Not all his ideas have been on target. His prediction that the moon was covered with such fine dust that astronauts might sink right in and be swallowed up once they set foot there caused NASA great - and ultimately unnecessary - anxiety. Gold, however, still maintains that his basic point, that the moon is covered mostly by fine dust rather than solid rock, was actually proved right.
If Gold turns out to be right about "fossil" fuels, then the world will be a very different place: Almost anyplace on Earth could become an oil producer just by drilling deep enough, and petroleum won't ever run out in the foreseeable future.
But nobody's betting on it at this point. "Most petroleum geologists don't agree with his theory," Nation said. "But it's fun to talk about."
David Chandler can be reached by e-mail at chandler@globe.com.
It's more like the water gets saturated with methane, which takes the density of the water and greatly reduces it. As a result, something that would easily float on regular water is instead floating on a methane saturated water solution that is no longer dense enough to provide buoyancy, so it sinks. When the methane continues to rise up in the air it provides a hazard to passing aircraft, flying through a giant cloud of air and methane tends to make engines explode. This is the current theory of the Bermuda Triangle, and I'm thinking that it is a good theory. I don't know if it's right, but it sounds right. I would love to find some proof if it's true.

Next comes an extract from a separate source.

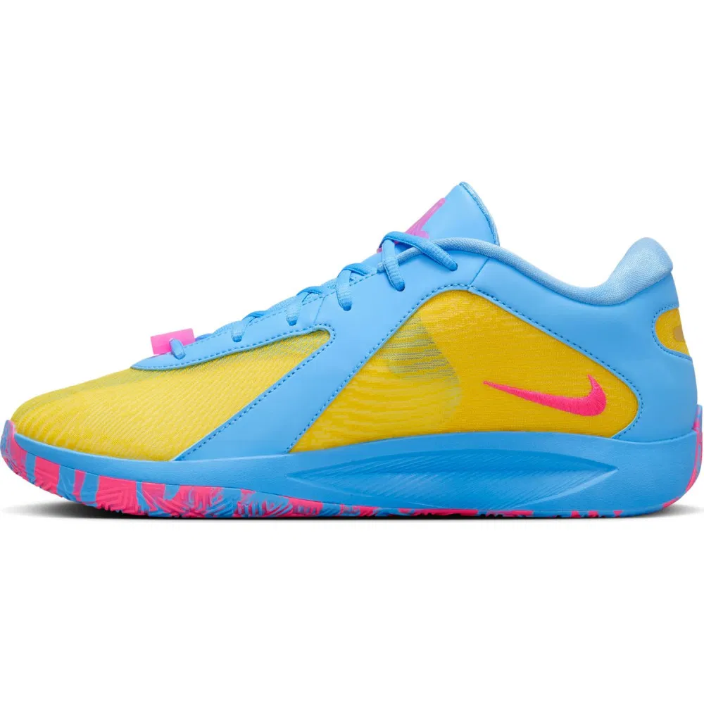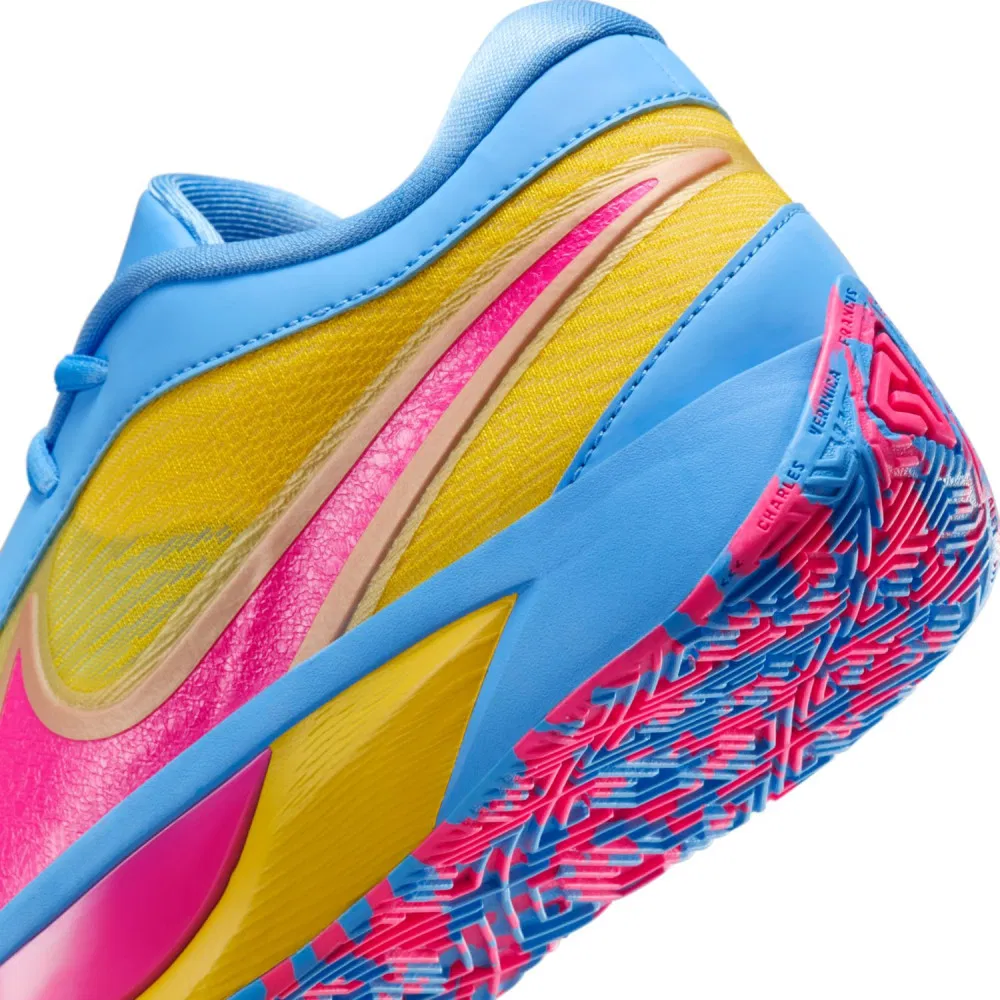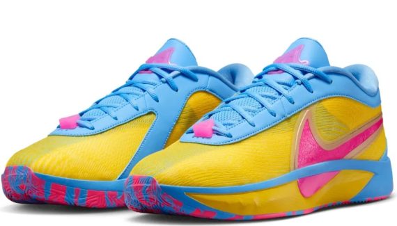 La sortie de ce nouveau coloris de la Giannis Freak 6 est l’occasion de lui faire un petit coup de pub. Baptisé « Candy Funhouse », il offre une tige aux couleurs des sucreries dont raffolent le « Greak Freak », avec un ensemble en bleu et jaune complété par des touches de rose bonbon de circonstance, pour faire ressortir le « Swoosh » sur l’empeigne, ou le logo du joueur sur la languette.

As far as the renewable oil theory goes, I think it is very interesting, and it seems a lot more likely to me than the old "decayed vegatation" theory we were all told in school. I'm looking forward to more evidence being presented over time.
The most dangerous of all is BERNARD D. COLMAN
Who's he and why him in particular?
So why is this guy's theory so hard to swallow? Doesn't anyone here remember back in the '70s when we were going to run out of oil "almost any day now"??? When that moron Carter decided that we all needed to wear those gay sweaters like he did to save fuel???
No, what this guy is proposing is strictly simple planetary mechanics at the fully integrated macro level - nothing outrageous. The REAL scam has been played on all of us by the oil companies who want to keep their product expensive, and the envirowackos who want to keep us scared to change our behavior and donate to their cause. Profit drives them both - science drives neither.
So unless oil is being reproduced at the rate of millions of barrels a day, the point is moot.
So we don't need to drill in ANWR, we just need to keep drilling deeper and deeper in our existing fields ?
p.s. I actually used to own a 74 dart, with a slant six engine. Unquestionably the best basic transportation (sedan) I ever owned, hands down.
His "Theory" is that we will never run out of hydrocarbons. He has no proof.
If he's right, the cost of fuel/oil will still go up sharply, because it cost far more the deeper you drill.
Sorry, but I don't buy the conspiracy that the oil industry belittles his theories because it might hurt them. If it's there, they will drill for it, but it will cost more, so we will pay more, and everyone will continue to bitch about the cost.
Current technology will get you about 5-6 miles down (extreme case), but the reserves don't get better just because you go deep.
I will never say that we can't get to 20 miles deep, but it will be far in the future. Temperatures are high, over 200 C, and the cost is astronomical, so there is no reason to go deep.
No argument.
If coal is converted plant biomass, then why weren't the ferns and other plant fossils that you found in the coal, coal rather than fossils?